Фронтовая жизнь оставляла ему в тот момент не слишком много времени на личные дела. В начале июня КП комбата Солженицына находился менее чем в трёх километрах от переднего края. Написать письмо или сделать беглый набросок в блокноте удавалось при свете электрического фонарика ближе к ночи, когда замолкала артиллерия. Но гудели тяжёлые бомбардировщики с грузом бомб для немцев, и можно было устроиться в блиндаже, завешивая дверь плащ-палаткой, закрывая окна куском железа. Когда комбат садился писать, рука сама тянулась к железной коробочке с папиросами — курить приучила война. С самого её начала он вёл блокноты — и в гужевом батальоне, и в училище, но истинная эра блокнотов началась здесь, на Центральном фронте, с первых же дней. Ведь фронтовые письма — к матери, жене, друзьям, какими бы подробными они ни были, не могли вместить всех событий, что происходили с ним здесь, в двухмесячном стоянии под Новосилем, в ежевечернем ожидании, что ЭТО — прорыв, наступление по всей линии фронта — начнётся уже завтра.
И оставалось пока трезвая оглядка на цензуру. В том же мае произошёл случай, который никак не мог бы (пока не мог!) стать сюжетом письма или рассказа: в стеблях некошеной травы запутались рассеянные по полю вражеские листовки на русском языке. Солженицын впервые читал о какой-то армии РОА, о смоленском Русском комитете, впервые видел снимок генерала Власова (лицо казалось сыто-удачливым), читал изложение его биографии. Странные русские, во вражеской униформе, с немецкими серебряными орлами, нагло предлагали — сдаваться без боя: «Так это казалось мертворождённо! Так это немецким духом пахло!».

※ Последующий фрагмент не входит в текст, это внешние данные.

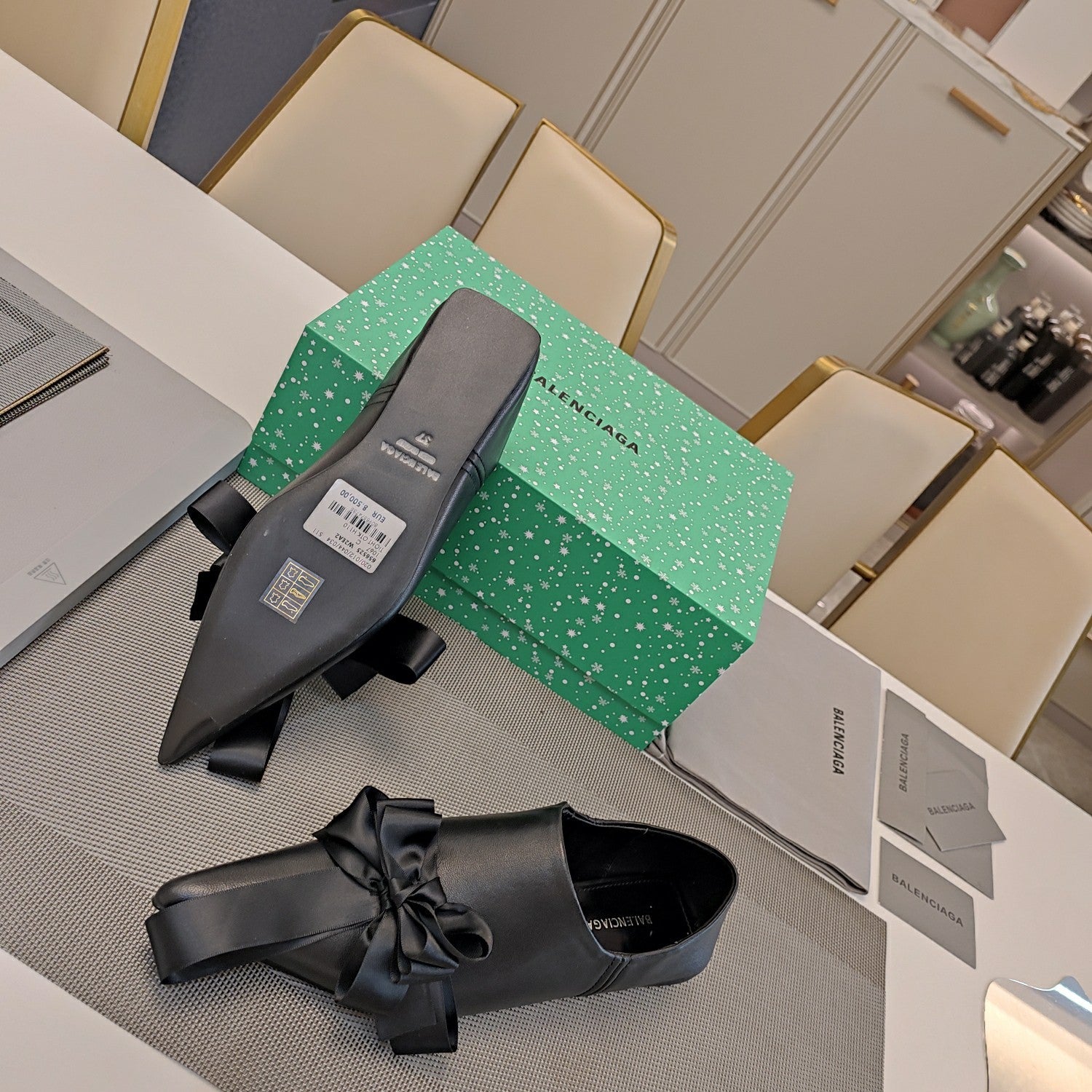 BOW-EMBELLISHED HIGH MULES IN BLACK SHEEPSKIN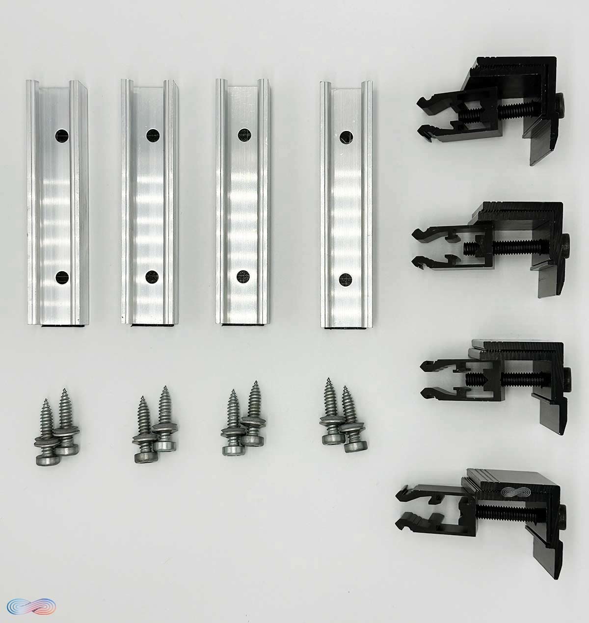 Trapezblech Befestigungs-Set für ein Solarmodul Montagesystem für ein Solarpanel auf Dächern mit Trapezblech. Für gerahmte PV-Module mit einer Rahmenhöhe von 30 bis 40 mm. Im Lieferumfang enthalten: 4x Grundschiene 1/15 für Trapez komplett L=10cm, alufarben 4x Endhalter Rahmenhöhe 30-40mm, schwarz 8x Dünnblechschraube JF3-ZT-2-5,5×25-E11/A2″”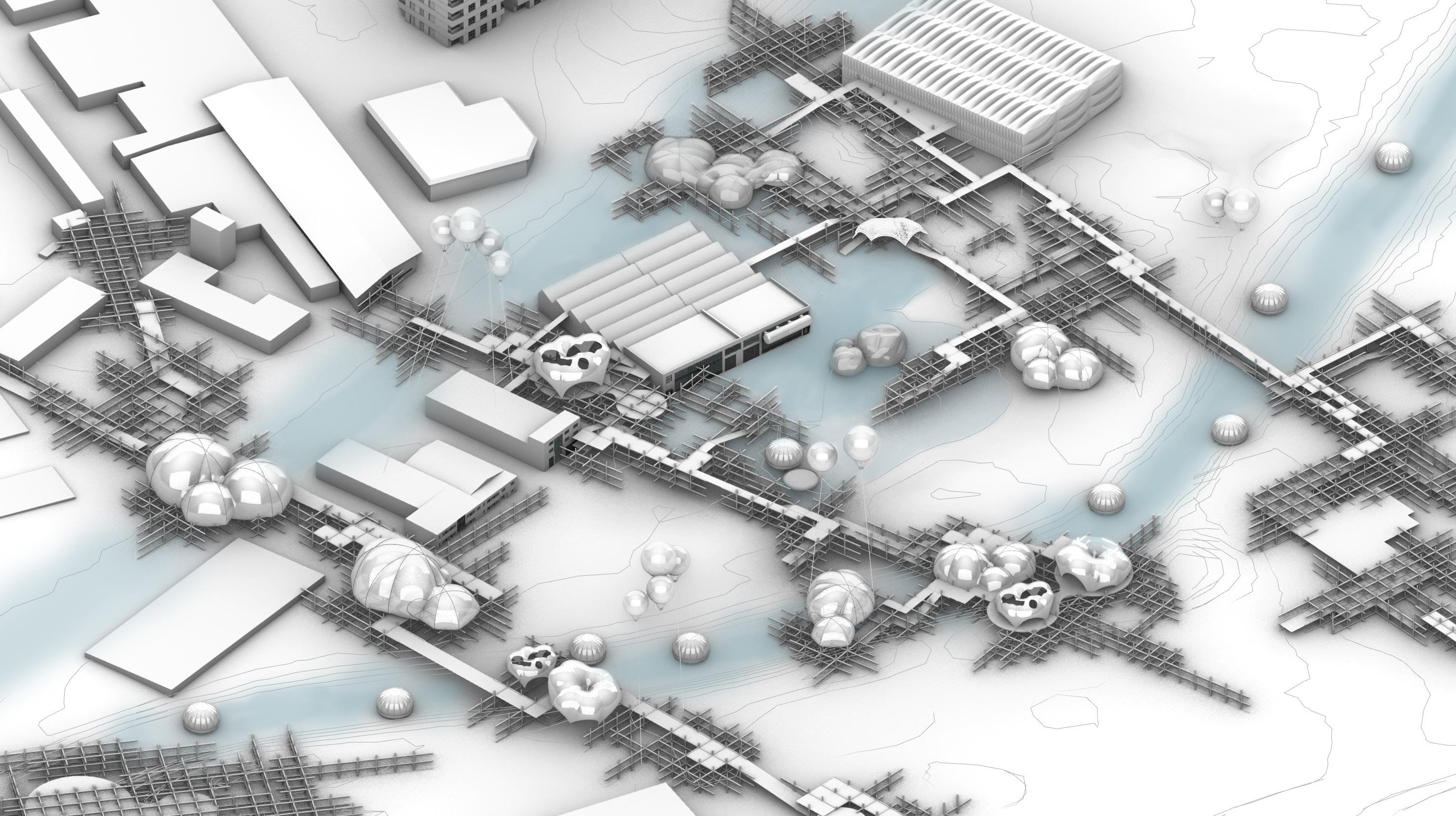 As climate change accelerates, the increasing frequency and severity of flooding event necessitate innovative and adaptable urban design solutions. Flooding poses a huge threat to cities, endangering lives, disrupting communities and causing extensive economic damage. Traditional infrastructure, often rigid and unyielding, struggles to cope with dynamic nature of our changing environment. The project seeks to provocatively address these imminent challenges by envisioning resilient urban landscapes. Public spaces and infrastructure are reimagined to foster social interaction and community resilience and simultaneously biodiversity hotspots, where nature can reclaim its part in the urban fabric aim at creating a harmonious co-existence between human and non-human that not only withstands but thrives amidst the challenges posed by rising water levels.
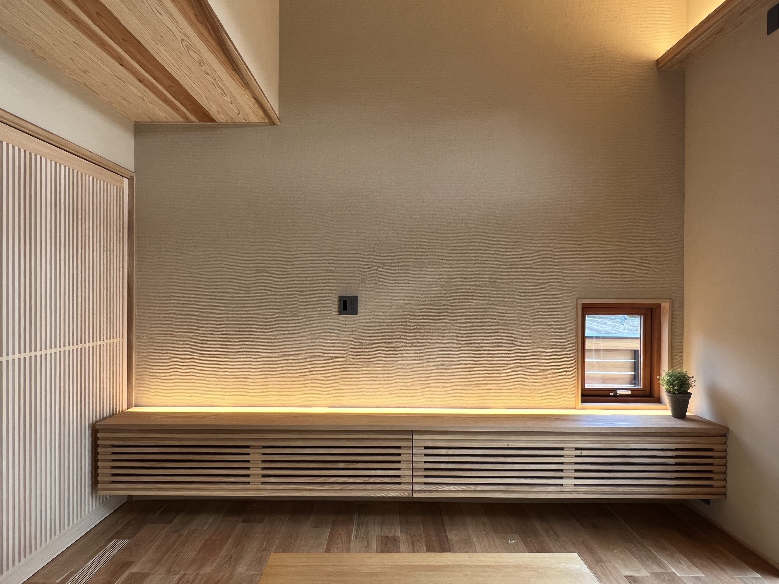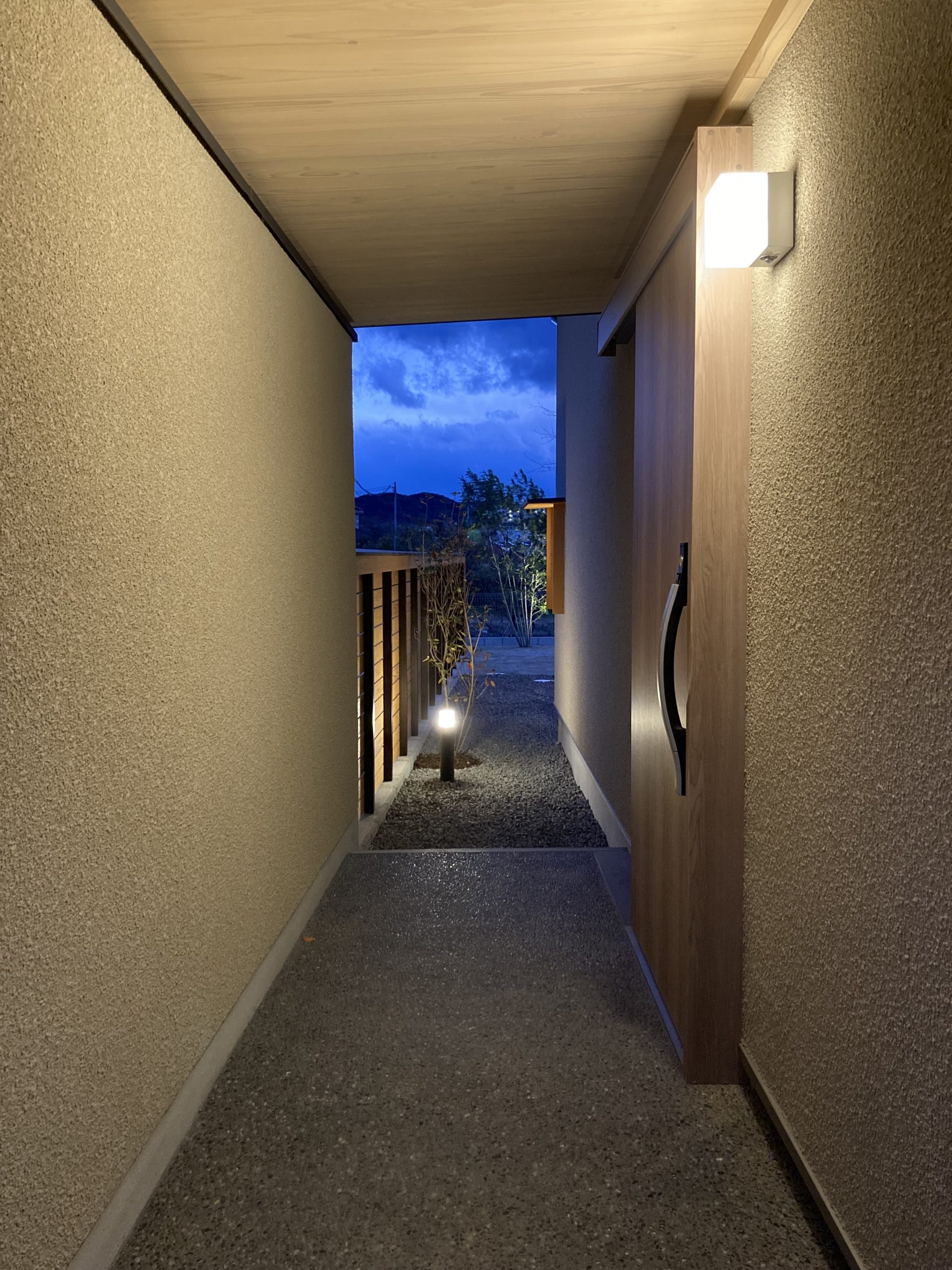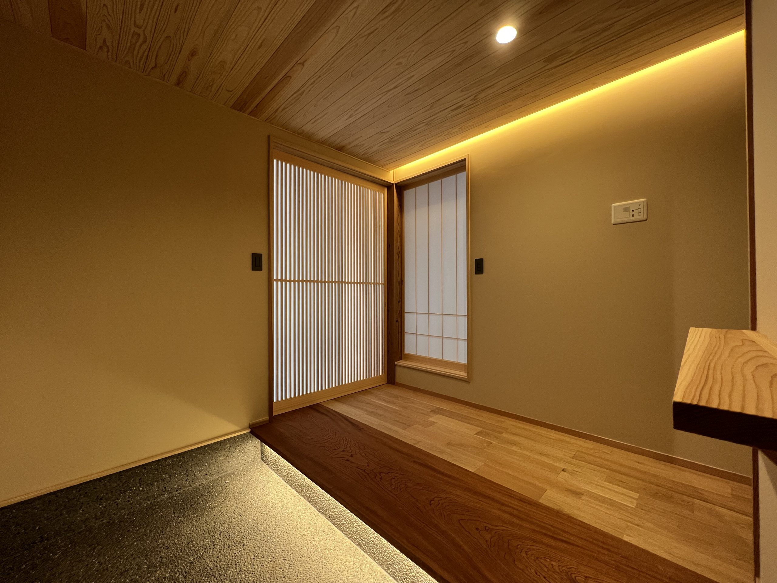 間接照明による演出や土間部分を洗出しにし、式台は欅のなぐりなど素材の良さを感じさせる玄関になりました。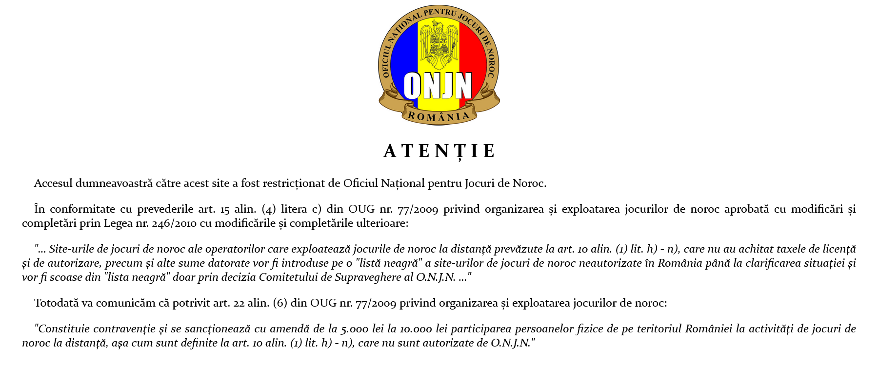 UPDATE: Cretinii au actualizat pagina, iar acum sigla ONJN se afișează corect.
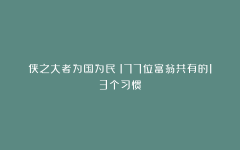 侠之大者为国为民:177位富翁共有的13个习惯 8个月前 #artContent h1{font-size:16px;font-weight: 400;} 标签:font侠之大者 上一篇文章谁在收购ST公司的控股权? 下一篇文章你的梦、烦恼和瘾都暗示了心灵有话对你说
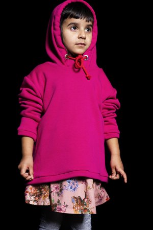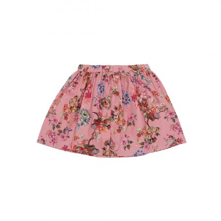 Yndig nederdel i rosa med farverige blomster i kontrastfarver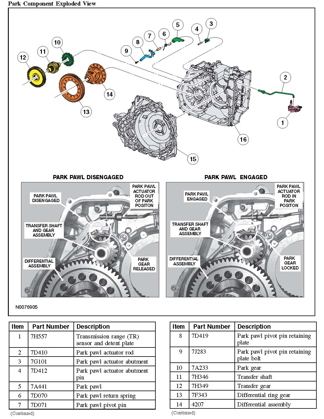 ^ The transmission range (TR) sensor rotates the range detent plate which pushes the park pawl actuator rod towards the park pawl.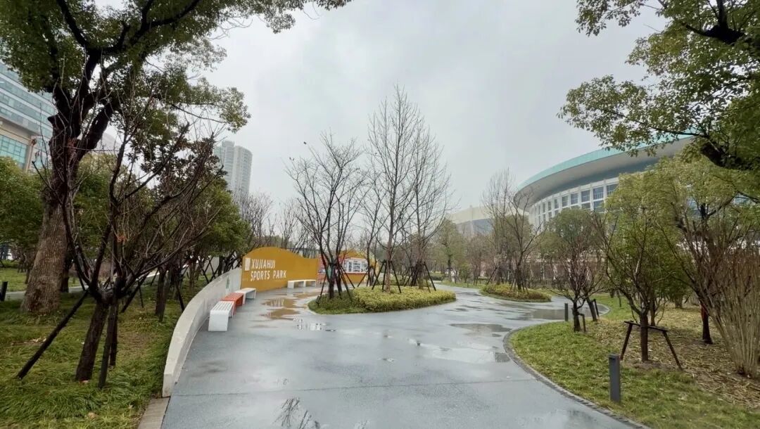 今日申城云幕低垂、细雨霏霏,湿冷的水汽裹着寒意漫遍街巷,户外出行体感也更加阴冷。上午10时,雨丝飘洒在徐家汇体育公园的上空,薄雾将整座公园笼罩,远处的上海体育场与上海体育馆在氤氲水汽中晕开,双圈跑道的塑胶路面泛着湿润的光泽。“雨天的公园很安静,空气也很清新,只要做好防雨措施,散步还是舒服的。”市民张女士表示,自己几乎每天都会来公园,不同天气下的景致各有韵味。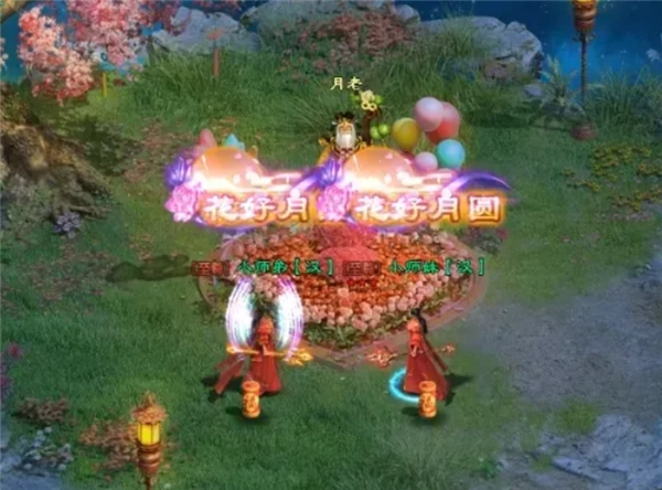 当新郎新娘的婚车均护送成功后,即刻开启婚礼副本以举行婚礼。婚礼副本开启后,新郎新娘会径直进入副本,并向各自的亲朋好友发送婚礼邀请,对方同意后便可进入婚礼副本。此外,其他玩家还能通过与月老对话的方式,进入该婚礼副本。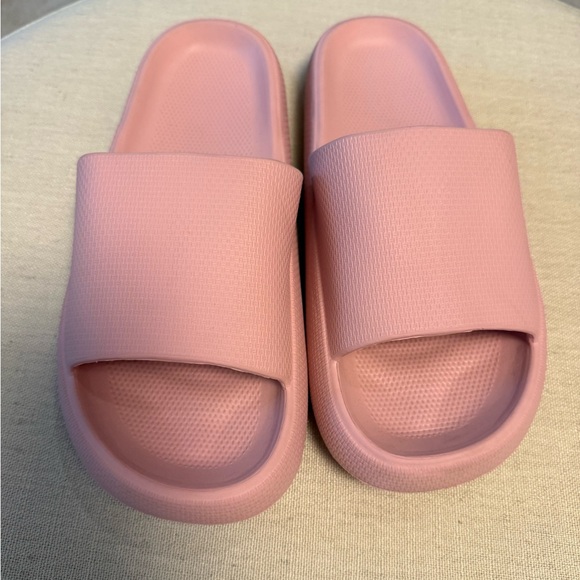 Comfortable pink slide sandals. Perfect for casual wear.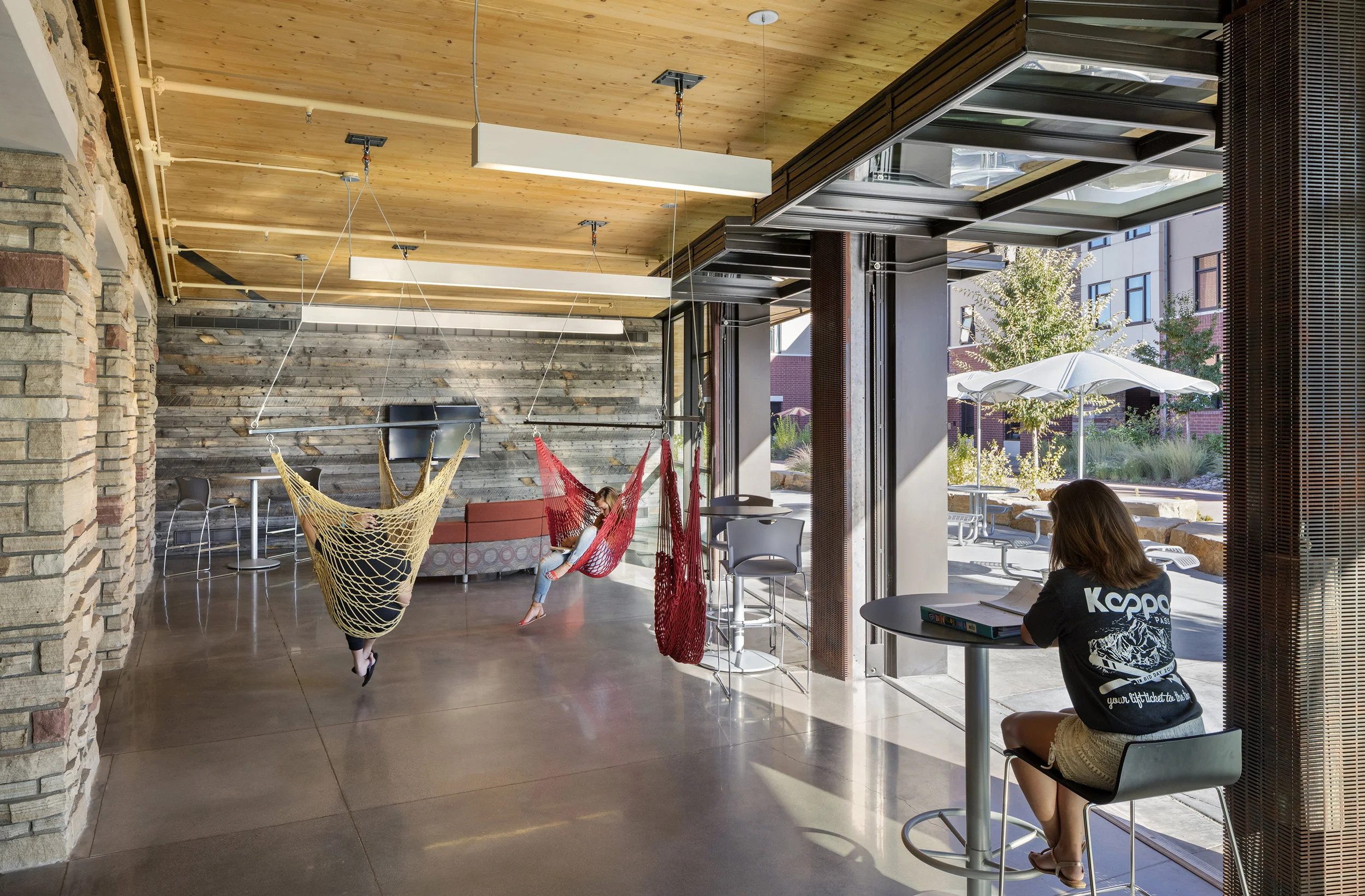 SCOPE: 11,500sf high performance sustainable building includes student-run bike shop, agora/gallery space, living slope; features a katabatic cooling tower; LEED Platinum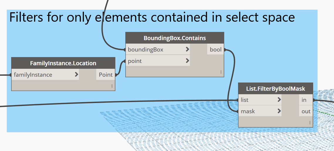 It then filters out the elements whose coordinates are not within the selected Space’s BoundingBox.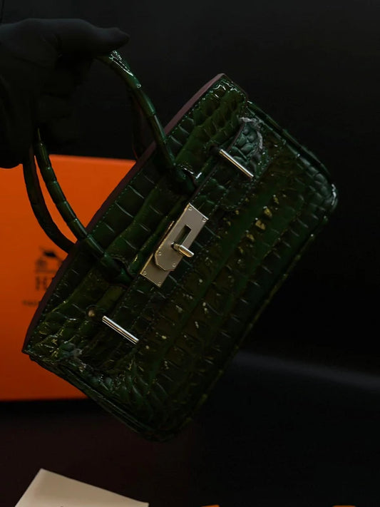 H-E-R-M-È-S Style Croc-Embossed Mini Top-Handle Women Bag – Luxury Inspired (Green)

Власов и его армия надолго стали темой тайных раздумий и недоумений. Много раз вымокшие и высохшие листовки, затерявшиеся в травах прифронтовой полосы, не убеждали ни в чём. «Держа в руках эту листовку, трудно было вдруг поверить, что вот — выдающийся человек, или вот он, верно отслуживши всю жизнь на советской службе, давно и глубоко болеет за Россию. А следующие листовки, сообщавшие о создании РОА — Русской Освободительной Армии, не только были написаны дурным русским языком, но и с чужим духом, явно немецким, и даже незаинтересованно в предмете, зато с грубой хвастливостью по поводу сытой каши у них и весёлого настроения у солдат. Не верилось в эту армию, а если она действительно была — уж какое там весёлое настроение?..»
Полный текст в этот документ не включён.